INDEPENDENT
PRACTISE
GRAPHIC DESIGN Y1 S2 LUCY ROSSELL-EVANS
During my Independent Practise in Term 2 I have decided to focus on the subject of children’s branding - what products are included, which styles are successful, what makes a children’s brand appealling . I began by brain-storming exactly this, finding that most brands have one or two key characters which the brand is based around.
For the brand that I am creating, I have chosen to centre in around a rag doll / monster character named Tonari, which means neighbour in Japanese. I first sketched out what I wanted him to look like, then tried to transfer my work to Illustrator (on the left hand page). I also looked at possible fonts for a logo, and then editing them with the Create Outlines tool.
After gaining confidence on Illustrator, I transferred some of my newly learnt skills into designing some stickersfor the Tonari brand. Some are buttons, and some are praise stickers for parents to give to their childrens if they do a good deed.
After looking at successful brands such as Winne the Pooh and Mr Men I found that the core of the success of a children’s brand is story-telling media animation, illustration or short stories. I decided to create my own series of books about life lessons Tonari learns - which would in turn teach children.
Despite trying my hand in Illustrator, I still feel that hand-drawing is my strongest point. I began to illustrate very short stories about Tonari with watercolour, 0.3 and 0.05 fineliner pens
One of the Tonari books I illustrated was called My Alphabet Book. Her are some images which I scanned into the computer. I was going to edit them but I think the hand-drawn style is quintessential to the idea of the brand. I think the ‘unfinished’ style is memorable and identifyable so that children are more likely to recognise it.

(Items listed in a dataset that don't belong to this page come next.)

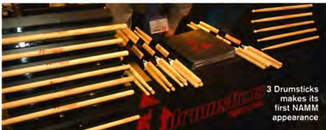
3 Drumsticks makes its first NAMM appearance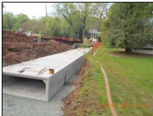
Upper Flat Branch Interceptor Project

Planning and funding continues to replace sections of gravity sewer main along the Upper Flat Branch Interceptor.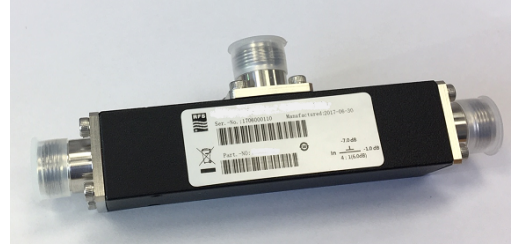
TPS6-43-694/3800 (similar product illustration)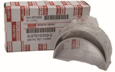
8-97616359-0 连杆瓦 CONN ROD, STANDARD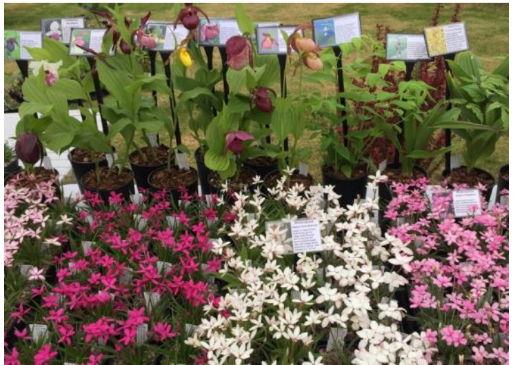
“Excellent plants from Edrom who left home in Berwickshire at 1:30am.”

Overall, we had a very successful day. Just over 1,000 visitors raised £3,000 for NGS charities. All nurseries reported healthy business. Visitors to the refreshments tent had consumed 46 very large cakes and every-time I meet someone who visited, they congratulate us on giving them a unique and most enjoyable day.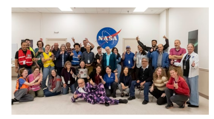
Minority Serving Institutions (MSI) faculty at RockOn workshop at Wallops.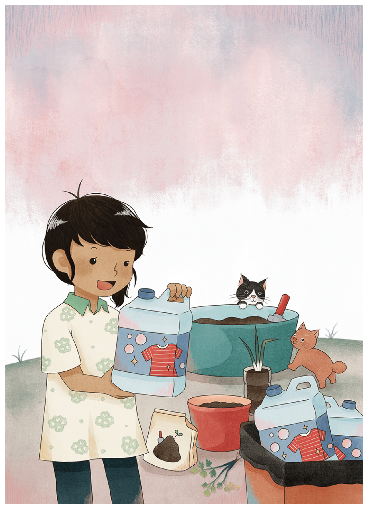
As soon as I got home, I jumped right in. Oh, I needed another pot. Aha!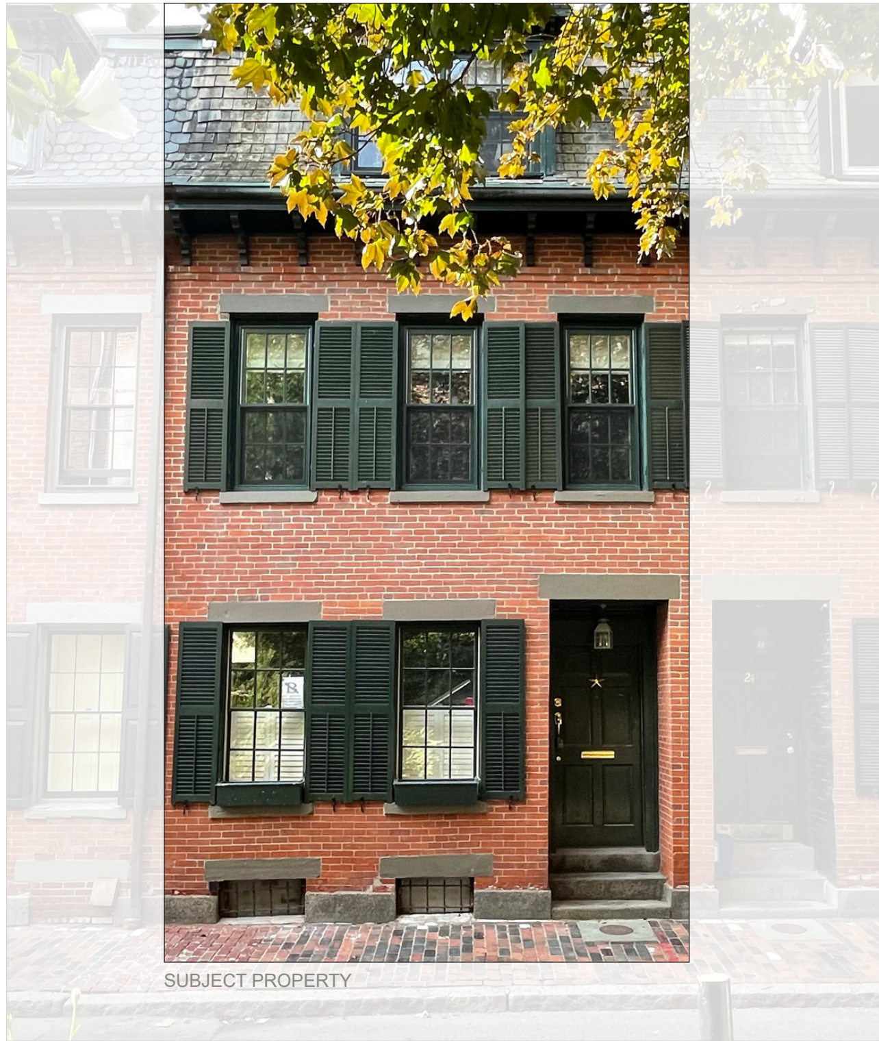
EXISTING FRONT FACADE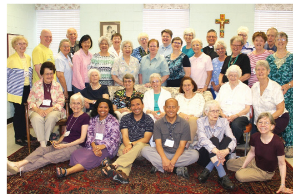
Participants from all walks of life show their joy at participating in their Mission Institute Program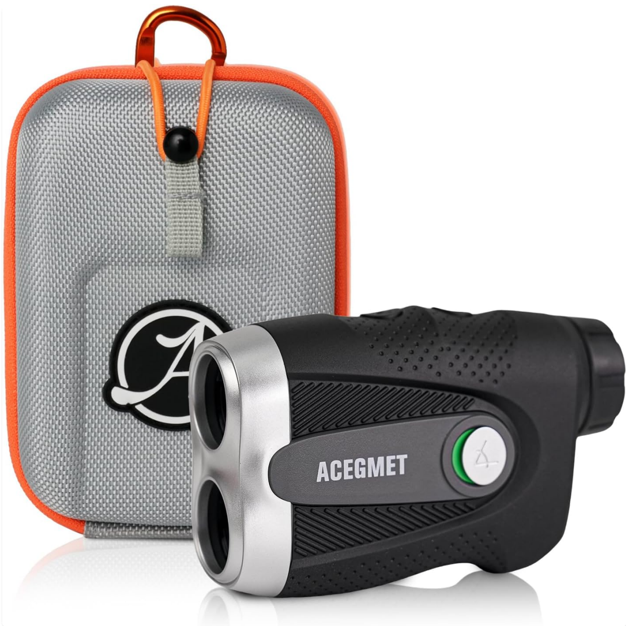
Image 1.1: The ACEGMET PF2C Golf Rangefinder with its protective carrying case.

On this double page is a selection of products I half designed, and either gave up because of lack of time or were failures. For example, I really liked the idea of designing a child’s watch for the brand, but finance stood in my way. I also wanted to design a set of key rings, but for the first one that I made I got the scaling wrong, and it was too big. If I organised my time better I think I could have seen more of these products through to finish.
All in all I made four hard-cover, illustrated Tonari books. I bound them myself, they are made out of recycled (clean) pizza boxes. I had planned to make more, but time only allowed me to make a small amout. The books are simple stories with line illustrations.
The colours I included when creating the products were chosen carefully, apparently pastel colours have a calming effect on children, which would be useful when reading them a book. The down side to this is that bright colours are apparently more memorable, but this doesn’t matter if you are reading a child to sleep.
The way I chose to display the products that I made was to arrange them like they were being put on sale in a shop. I packaged the bookmarks I made and put price tage on the plush figures and books.
The style I designed the plush toys was quite shabby, reminiscent of Rosie and Jim puppets, Donna Wilson stuffed figures and rag dolls.
Aside from the children’s branding project, I have also been to an Embossing and Debossing workshop, ink experimentation workshop in LAB week and a Book Making workshop.